El secreto para mantenerse y perdurar en el cargo, según enseña tal sabiduría cínica, es convertirse en imprescindible, es decir, resolver las cosas hasta cierto punto, de otra manera uno se vuelve superfluo, como aquel gato que un león llevó para cuidar su sueño cuando un ratón salía a morderle la melena, a cambio de comer las sobras del gran felino. El gato hizo bien su trabajo, mató al ratón y entonces dejó de serle útil al león quien ya no lo alimentó.
Dado que en política no existe ningún amigo o enemigo nato, son las circunstancias y los acuerdos donde se hacen los amigos y surgen los enemigos. En cuanto a estos, las relaciones deben ser de engaño y disimulo. Como gustaba sentenciar algún ideólogo priista, posiblemente lector de Zimmer porque era un infrecuente político culto: lo que resiste apoya. De ahí que sea necesario siempre mantener problemas y enemigos hasta ciertas proporciones. Su existencia nos permite mantenernos en pie a nosotros mismos.
“Uno lleva a su enemigo a hombros —enseña el Hitopadesha— hasta que consigue lo que quiere; en ese preciso instante lo arroja para que se estrelle como un cántaro sobre la roca”. La doctrina política de la India (doctrina del artha) promulga que el poder es un asunto material. Que el gobernante debe afirmarse a sí mismo, y aun ir más allá del orden moral para lograr esa afirmación. Ha de querer el poder por encima de todo, en cualquier circunstancia y contra cualquier otro, pues está educado (“consciente, brutalmente”) para prescindir de los elementos teológico-morales comunes a todos los demás.
Dice la enseñanza que aquel que quiera servir al poder y que éste le sirva debe entregarse a él por entero, pues de otra manera no podrá mantenerlo. La enseñanza del poder, un saber parecido al del médico, el sacerdote, el mago o el artesano con los secretos de cada oficio, establece que querer el poder en cualquier circunstancia es lo que constituye “la moral particular del hombre político”.
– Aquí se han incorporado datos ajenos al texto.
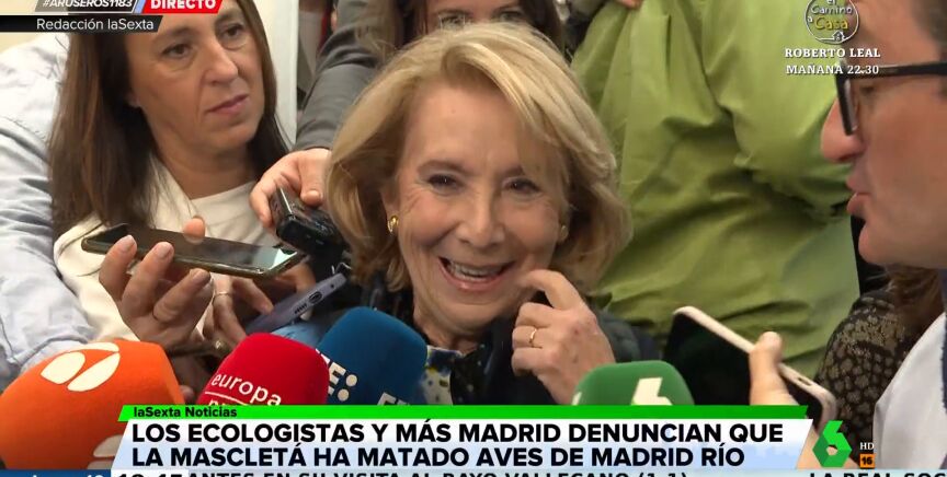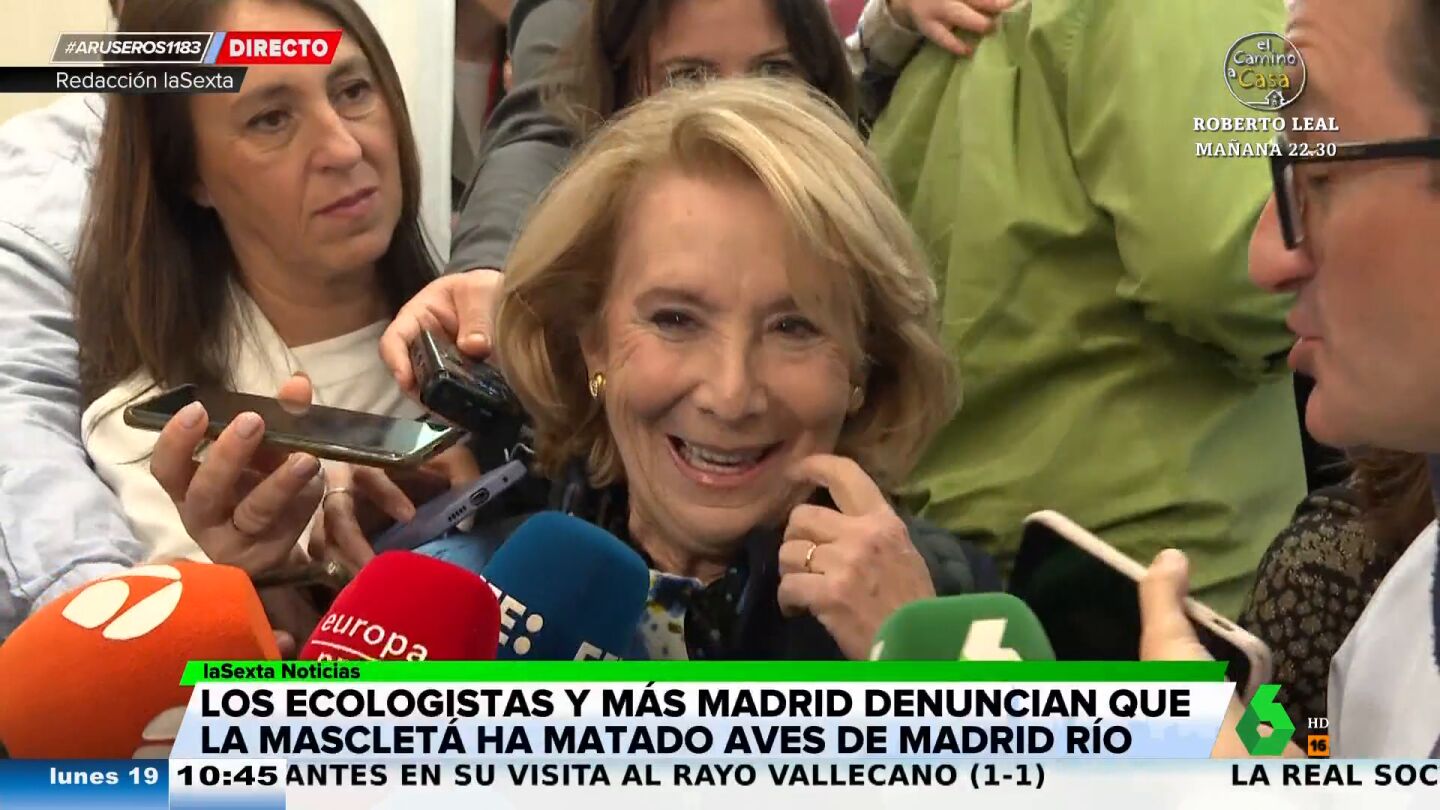 La expresidente madrileña Esperanza Aguirre ha estallado en carcajadas al ser preguntada por las aves muertas en la mascletá celebrada este domingo en Madrid. "Bueno, bueno... se ha muerto un pato", ha aseverado la 'popular' intentando alejarse de todo dramatismo.

El Occidente humanista aparece como un animal mentiroso y el Oriente como uno ladino, cruel pero con buena conciencia. Ni la costumbre de los peces ni la posesión cuasi diabólica del poder y la política permiten elevarse por encima de su finalidad despótica: predominar. La hiperpolítica por venir será distinta. Aquí ya no cabe decirlo. Quizá otra vez.